The EU sponsors destruction of the Ocean. Fish populations are under more threat than ever. And the EU’s member states allow their fishing fleets to maximise their ‘legal’ colonial overfishing in places where local fisherfolk go hungry as a result, while being ultra-soft on illegal fishing and subsidising illegal and destructive ‘legal’ fishing alike. Also they are increasing carbon emissions by subsidising and supporting the fishing industry’s use of fossil fuels. When you add their inability to actually protect Marine Protected Areas (the EU fishing fleet regularly bottom trawls Marine Protected Areas) what you are left with is a complete shitshow of lies.

⬆️ A more democratic approach to bottom trawling would mean an end to this destructive fishing practice – why does so much marine life have to die for so little benefit? No benefit to marine life and no benefit to small fisheries, and it costs billions in subsidies – the only benefit goes to already rich industrial fisheries. Photo by João Daniel Pereira.

Michael Collins from Ocean Rebellion says:
"Imagínense el daño que causa una red del tamaño de diez aviones jumbo cuando se arrastra por el fondo marino. Atrapa todo lo que encuentra a su paso, destruye la vida marina y libera el carbono 'azul' allí almacenado. La pesca de arrastre de fondo emite más gases de efecto invernadero que la aviación. Son muchos gases".
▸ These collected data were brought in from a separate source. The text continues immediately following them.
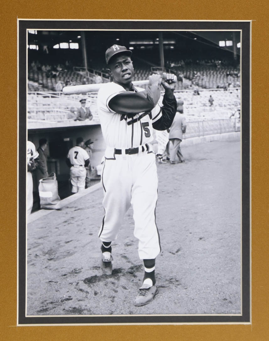 Custom frame measures approximately 32" x 36" in size and features a cut that has been hand-signed by Hank Aaron (D. 2021, Atlanta Braves, HOF). Display also includes an unsigned jersey, (2) 8" x 10" photos, lapel pin, and (2) cloth team logo patches. Please refer to photos regarding the condition of the item.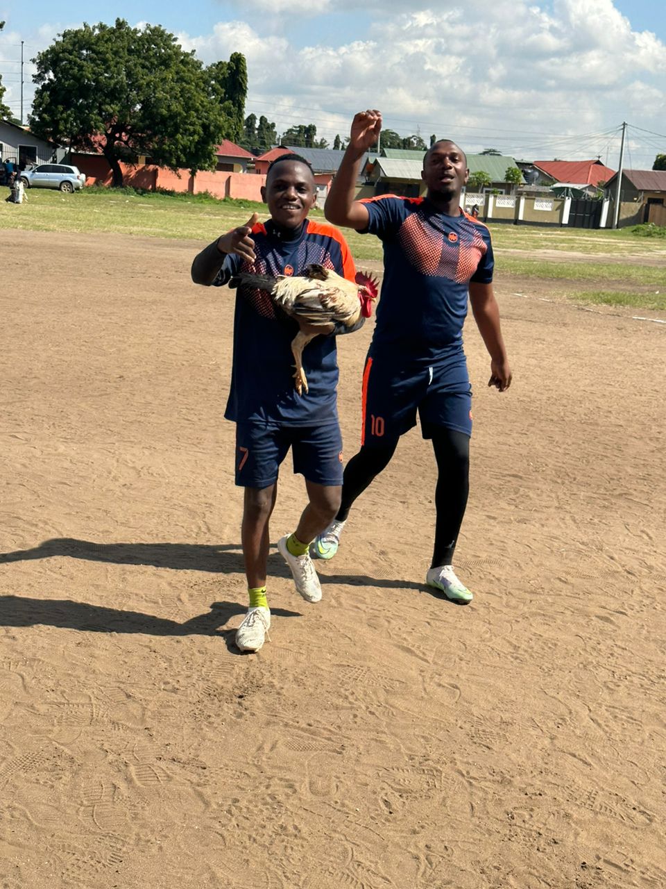 Mshindi wa kukimbiza kuku Bw. Daudi Mhehe akiwa ameshika kuku aliyeshinda wakati wa Bonanza la Michezo.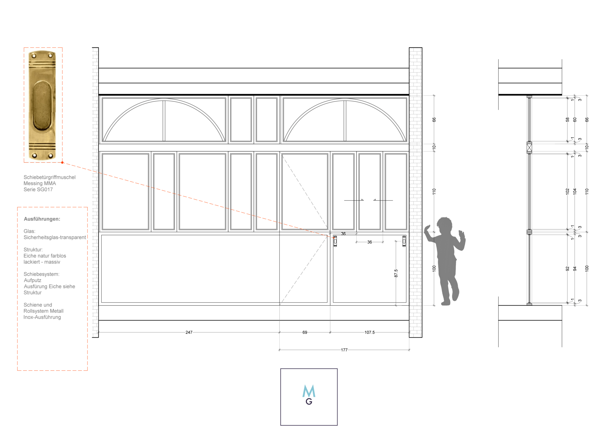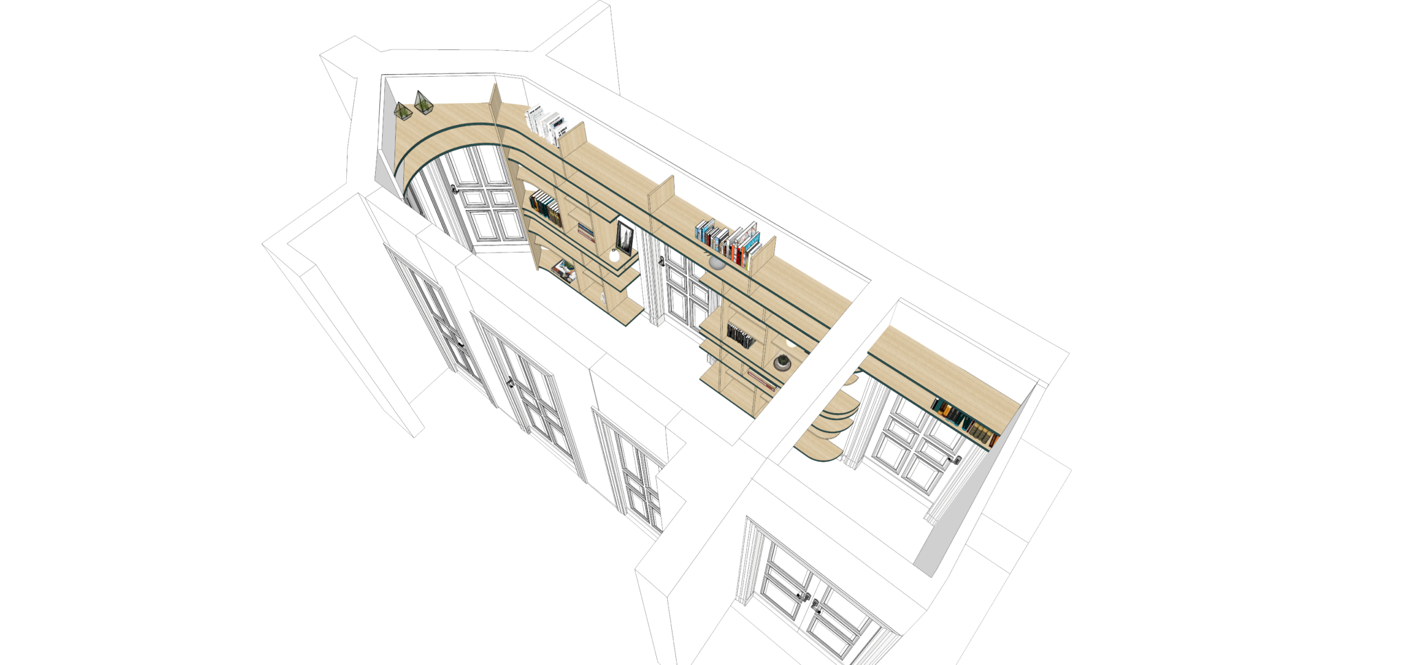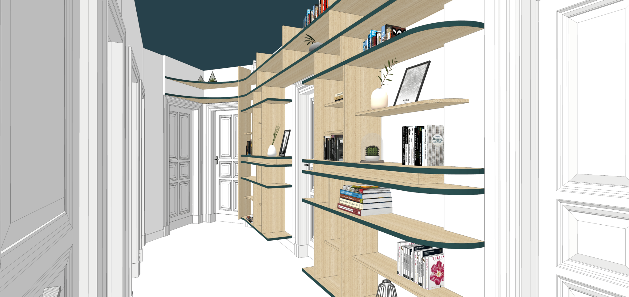 Reorganized entrance framed by historic doors, with a custom bookshelf, soft curves and blue accents. A light wood panel separates the master suite from the living room and highlights the arched windows with solid wood.

Louis Dannatt also from Ocean Rebellion says:
“Humanity has declared war on fish and we’re winning. The Ocean is so depleted that small fishing communities are on the edge of survival and areas of former plenty are now empty. Over 100 million people rely on inshore subsistence and small-scale artisanal fishing for their daily food and livelihood − often using the same waters emptied by EU trawlers. It is a necessity that the EU leads the way by ending industrial fishing. If fishing is decreased by 80% EU wide we will simultaneously restore our seas and help coastal communities by reinvigorating traditional fishing methods and rewarding Ocean care – and all this can start by redirecting existing subsidies.”

Clive Russell, de Ocean Rebellion, dice:
“We demand EU institutions and all marine non-governmental bodies to Tell the Truth about destructive fishing and stop greenwashing a dirty industry with ‘sustainability’ lies. We must end bottom trawling worldwide, NOW, together with a just transition for displaced fisheries workers.”

Bridget Turgoose, adds:
“The Ocean can recover quickly, but only if we halt the carnage now; within a few years these precious ecosystems will regenerate and fish populations will stabilise. We just need to give life a chance, if we don’t, there will be no more fish in the sea.”

⬆️ The Net is very photogenic but as recent footage of bottom trawling has shown the reality is very different. Photo by João Daniel Pereira.

La Rebelión del Océano exige:

It’s time to end bottom trawling. The EU can start by really protecting Marine Protected Areas and banning bottom trawling across the EU fishing fleet. By sending out a clear commitment to the Ocean the EU will lead the world by turning the tide against pérdida de biodiversidad marina. Diciendo no a la industria pesquera mundial y sí a sus propios ciudadanos, la UE puede recuperar el asombro y el orgullo por sus mares. Que, con las subvenciones y políticas adecuadas, ayudarán a las comunidades costeras a convertirse en custodios de sus mares locales y a cuidar el Océano.

You can read Professor Chris Armstrong’s diagnosis of current regulatory ills aquí.